[WHAT THE TASK REQUIRES]:
Please reproduce all the data exactly as written and omit the pictures.

[DATA SECTION]:
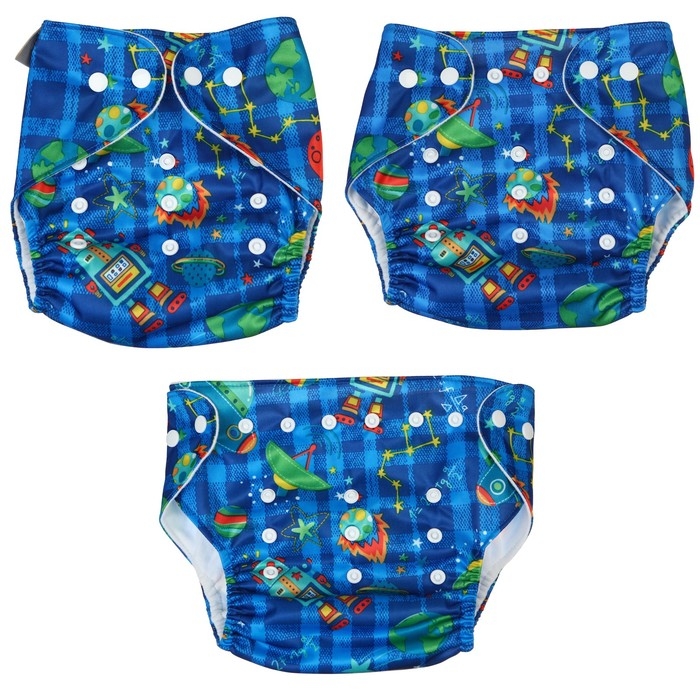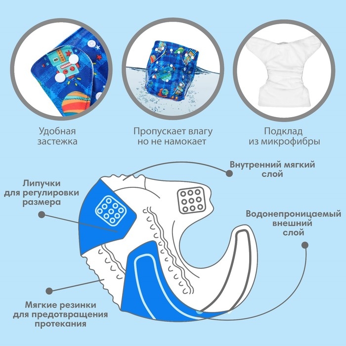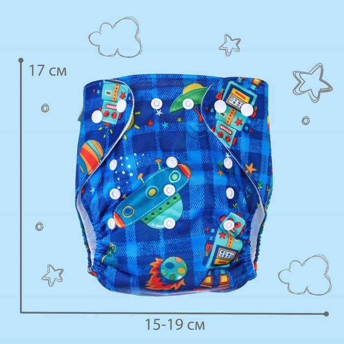 Многоразовый подгузник «Космос», 3-15 кг, цвет синий, Крошка Я
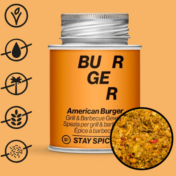 Dein Burger Patty wird in jeder Hinsicht perfekt gewürzt sein: Einfach nach deinem Geschmack STAY SPICED verwenden! Das American Burger Fleischgewürz wird einfach in das Hackfleisch gestreut und gleichmäßig eingearbeitet. Anschließend kannst du die Burger Pattys entweder auf dem Grill oder in der Pfanne zubereiten. Mit dem STAY SPICED Burgergewürz erhältst du den authentischen Geschmack eines amerikanischen Burgers, ganz gleich welche Hackfleischsorte du verwendest. Das American Burger Gewürz eignet sich nicht nur für Patties. Probiere es auch unbedingt für deinen Hackbraten, Frikadellen oder Beef Tatar aus – ein Genuss!
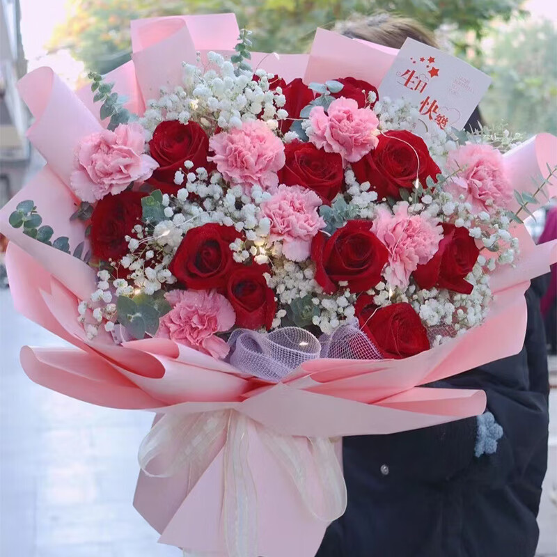 花材: 19朵红玫瑰、粉色康乃馨混搭(11朵红玫瑰、8朵粉色康乃馨),1条灯带,搭配满天星、尤加利叶装饰。
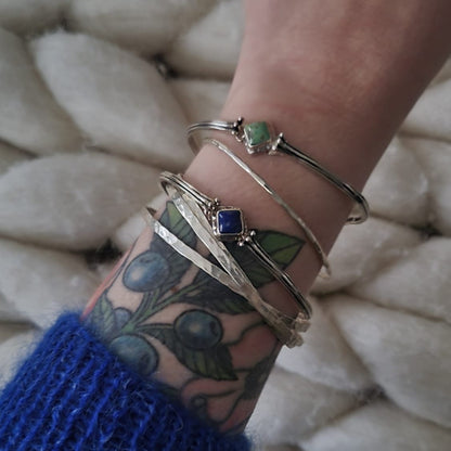 Barse sieraden staan bekend om de kleurrijke edelstenen en solide materialen zoals zilver, brons en koper. Alle Barse sieraden zijn handgemaakt met gebruik van metaal gieten of de verloren was methode. Deze prachtige 3 zilveren gehamerde bangle armbanden voegen een vleugje vintage stijl toe aan iedere outfit!

[SOLUTION TO THE EXERCISE]:
 Многоразовый подгузник «Космос», 3-15 кг, цвет синий, Крошка Я
 Dein Burger Patty wird in jeder Hinsicht perfekt gewürzt sein: Einfach nach deinem Geschmack STAY SPICED verwenden! Das American Burger Fleischgewürz wird einfach in das Hackfleisch gestreut und gleichmäßig eingearbeitet. Anschließend kannst du die Burger Pattys entweder auf dem Grill oder in der Pfanne zubereiten. Mit dem STAY SPICED Burgergewürz erhältst du den authentischen Geschmack eines amerikanischen Burgers, ganz gleich welche Hackfleischsorte du verwendest. Das American Burger Gewürz eignet sich nicht nur für Patties. Probiere es auch unbedingt für deinen Hackbraten, Frikadellen oder Beef Tatar aus – ein Genuss!
 花材: 19朵红玫瑰、粉色康乃馨混搭(11朵红玫瑰、8朵粉色康乃馨),1条灯带,搭配满天星、尤加利叶装饰。
 Barse sieraden staan bekend om de kleurrijke edelstenen en solide materialen zoals zilver, brons en koper. Alle Barse sieraden zijn handgemaakt met gebruik van metaal gieten of de verloren was methode. Deze prachtige 3 zilveren gehamerde bangle armbanden voegen een vleugje vintage stijl toe aan iedere outfit!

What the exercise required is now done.